:: WORK INSTRUCTIONS ::
Please retype the data below line for line and leave out every picture.

─── DATA PROVIDED ───

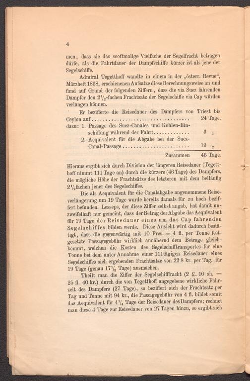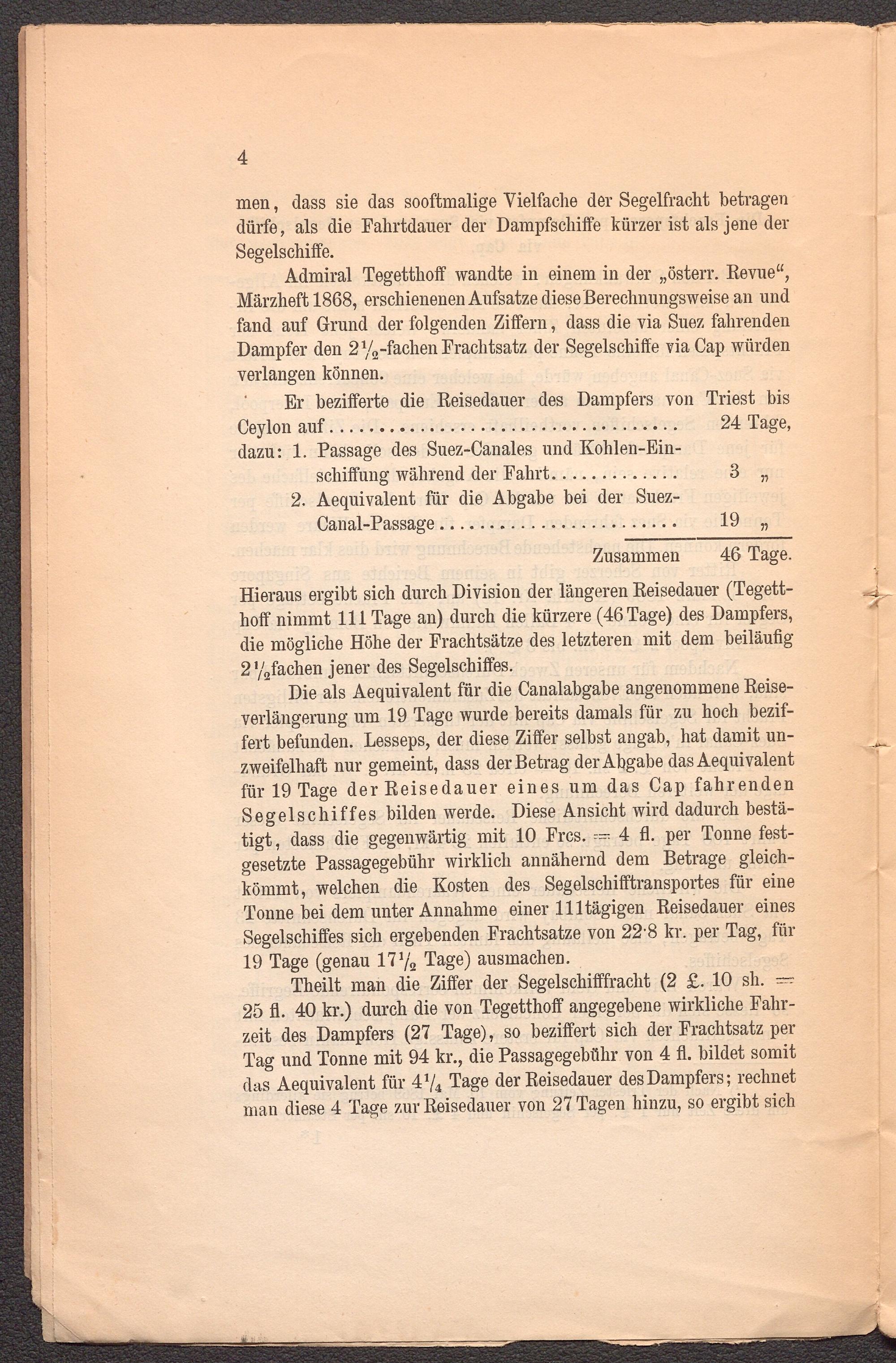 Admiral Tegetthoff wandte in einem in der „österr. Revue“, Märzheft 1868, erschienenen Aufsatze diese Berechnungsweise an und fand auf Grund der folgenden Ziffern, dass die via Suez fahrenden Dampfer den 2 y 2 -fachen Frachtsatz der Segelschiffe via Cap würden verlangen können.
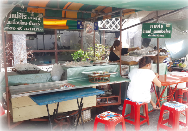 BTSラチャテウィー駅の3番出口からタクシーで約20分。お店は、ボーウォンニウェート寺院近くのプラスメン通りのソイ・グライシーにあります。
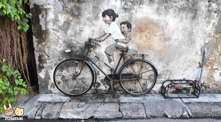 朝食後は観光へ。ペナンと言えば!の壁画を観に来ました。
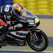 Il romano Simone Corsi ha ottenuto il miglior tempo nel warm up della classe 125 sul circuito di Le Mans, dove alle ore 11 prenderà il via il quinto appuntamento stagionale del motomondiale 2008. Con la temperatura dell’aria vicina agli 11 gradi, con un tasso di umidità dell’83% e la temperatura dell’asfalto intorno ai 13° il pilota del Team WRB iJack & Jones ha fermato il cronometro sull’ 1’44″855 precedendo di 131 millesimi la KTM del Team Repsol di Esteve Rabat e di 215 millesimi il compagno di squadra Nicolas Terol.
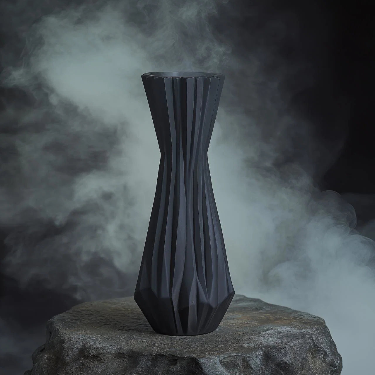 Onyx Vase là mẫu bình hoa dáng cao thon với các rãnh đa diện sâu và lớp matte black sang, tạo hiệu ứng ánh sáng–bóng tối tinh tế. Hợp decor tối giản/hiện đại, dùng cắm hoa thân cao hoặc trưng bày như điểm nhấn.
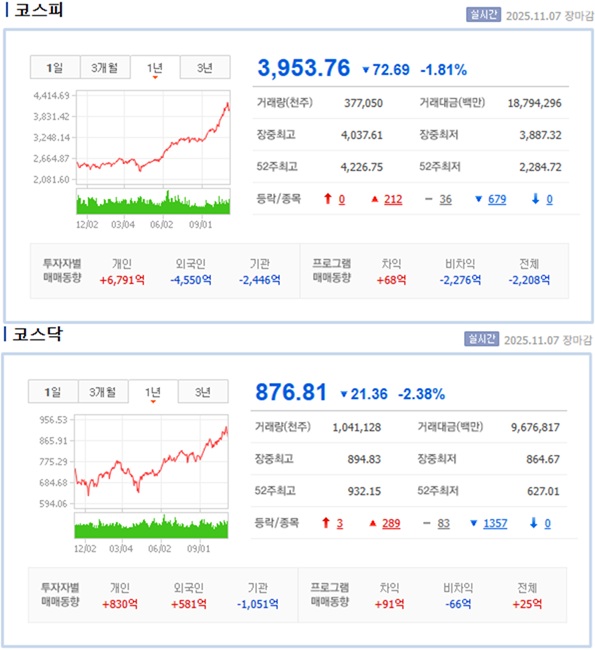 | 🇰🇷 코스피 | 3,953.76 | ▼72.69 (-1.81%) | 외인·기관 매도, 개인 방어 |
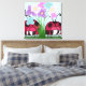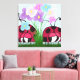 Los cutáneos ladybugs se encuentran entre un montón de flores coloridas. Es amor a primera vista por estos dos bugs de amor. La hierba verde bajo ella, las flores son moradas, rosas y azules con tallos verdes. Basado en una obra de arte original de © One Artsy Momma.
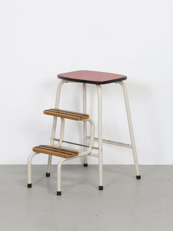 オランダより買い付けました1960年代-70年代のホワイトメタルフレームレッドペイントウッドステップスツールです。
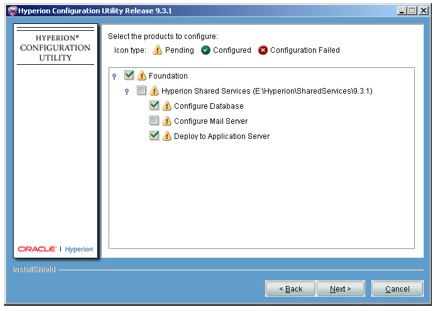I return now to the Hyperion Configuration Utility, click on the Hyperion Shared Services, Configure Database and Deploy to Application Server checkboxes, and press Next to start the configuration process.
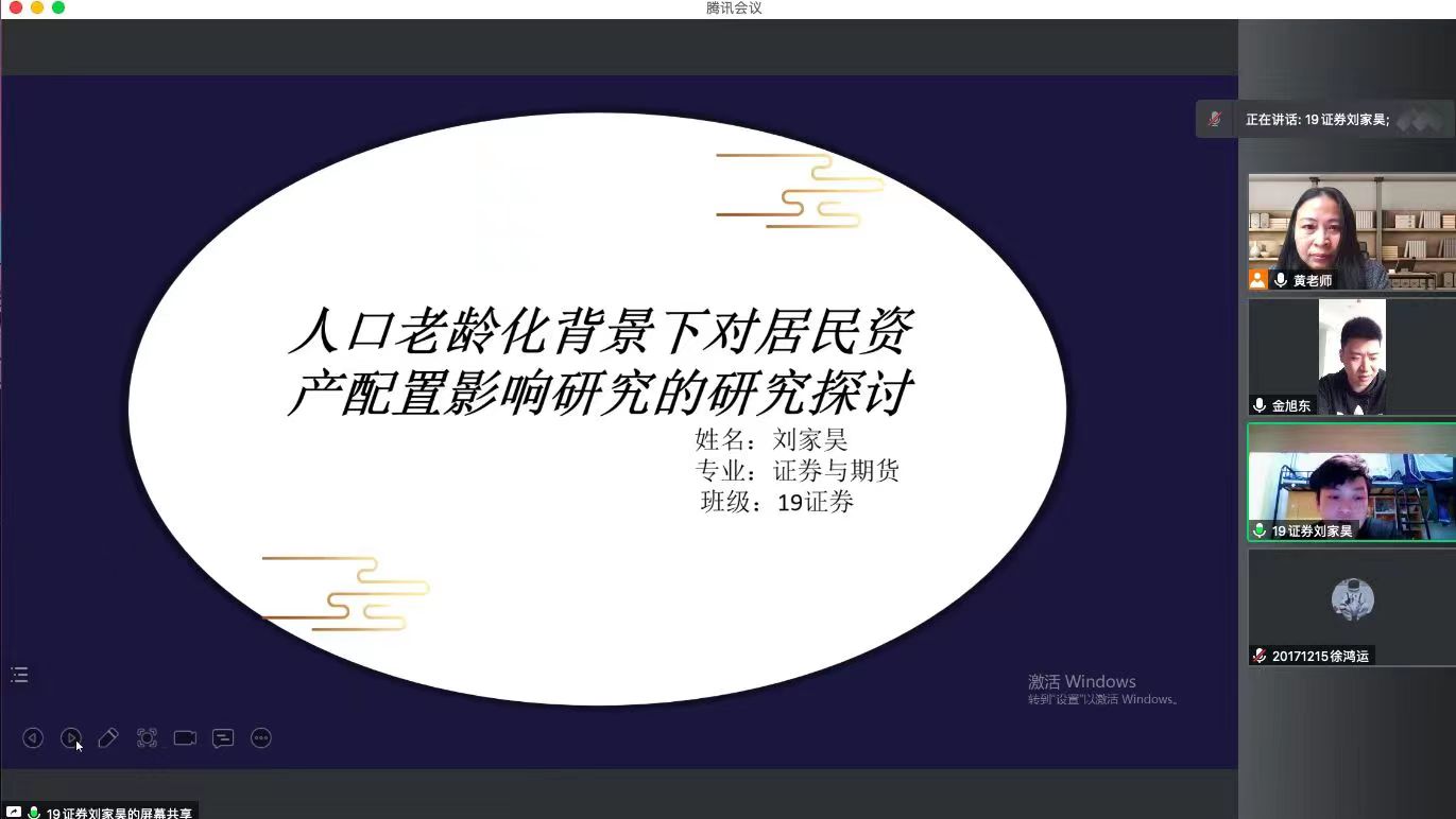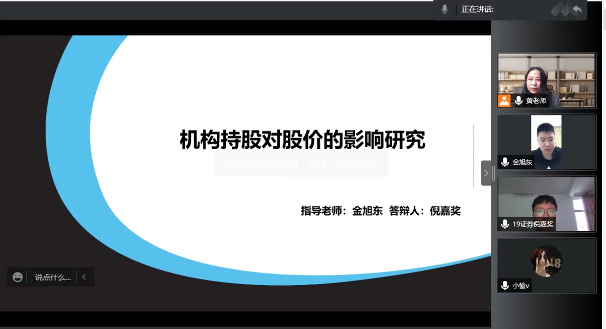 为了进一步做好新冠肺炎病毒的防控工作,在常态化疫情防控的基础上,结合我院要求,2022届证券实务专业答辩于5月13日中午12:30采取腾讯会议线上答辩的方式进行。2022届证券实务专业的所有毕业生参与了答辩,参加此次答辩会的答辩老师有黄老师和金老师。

───

:: SOLUTION FOR THIS PROBLEM ::
 Admiral Tegetthoff wandte in einem in der „österr. Revue“, Märzheft 1868, erschienenen Aufsatze diese Berechnungsweise an und fand auf Grund der folgenden Ziffern, dass die via Suez fahrenden Dampfer den 2 y 2 -fachen Frachtsatz der Segelschiffe via Cap würden verlangen können.
 BTSラチャテウィー駅の3番出口からタクシーで約20分。お店は、ボーウォンニウェート寺院近くのプラスメン通りのソイ・グライシーにあります。
 朝食後は観光へ。ペナンと言えば!の壁画を観に来ました。
 Il romano Simone Corsi ha ottenuto il miglior tempo nel warm up della classe 125 sul circuito di Le Mans, dove alle ore 11 prenderà il via il quinto appuntamento stagionale del motomondiale 2008. Con la temperatura dell’aria vicina agli 11 gradi, con un tasso di umidità dell’83% e la temperatura dell’asfalto intorno ai 13° il pilota del Team WRB iJack & Jones ha fermato il cronometro sull’ 1’44″855 precedendo di 131 millesimi la KTM del Team Repsol di Esteve Rabat e di 215 millesimi il compagno di squadra Nicolas Terol.
 Onyx Vase là mẫu bình hoa dáng cao thon với các rãnh đa diện sâu và lớp matte black sang, tạo hiệu ứng ánh sáng–bóng tối tinh tế. Hợp decor tối giản/hiện đại, dùng cắm hoa thân cao hoặc trưng bày như điểm nhấn.
 | 🇰🇷 코스피 | 3,953.76 | ▼72.69 (-1.81%) | 외인·기관 매도, 개인 방어 |
 Los cutáneos ladybugs se encuentran entre un montón de flores coloridas. Es amor a primera vista por estos dos bugs de amor. La hierba verde bajo ella, las flores son moradas, rosas y azules con tallos verdes. Basado en una obra de arte original de © One Artsy Momma.
 オランダより買い付けました1960年代-70年代のホワイトメタルフレームレッドペイントウッドステップスツールです。
I return now to the Hyperion Configuration Utility, click on the Hyperion Shared Services, Configure Database and Deploy to Application Server checkboxes, and press Next to start the configuration process.
 为了进一步做好新冠肺炎病毒的防控工作,在常态化疫情防控的基础上,结合我院要求,2022届证券实务专业答辩于5月13日中午12:30采取腾讯会议线上答辩的方式进行。2022届证券实务专业的所有毕业生参与了答辩,参加此次答辩会的答辩老师有黄老师和金老师。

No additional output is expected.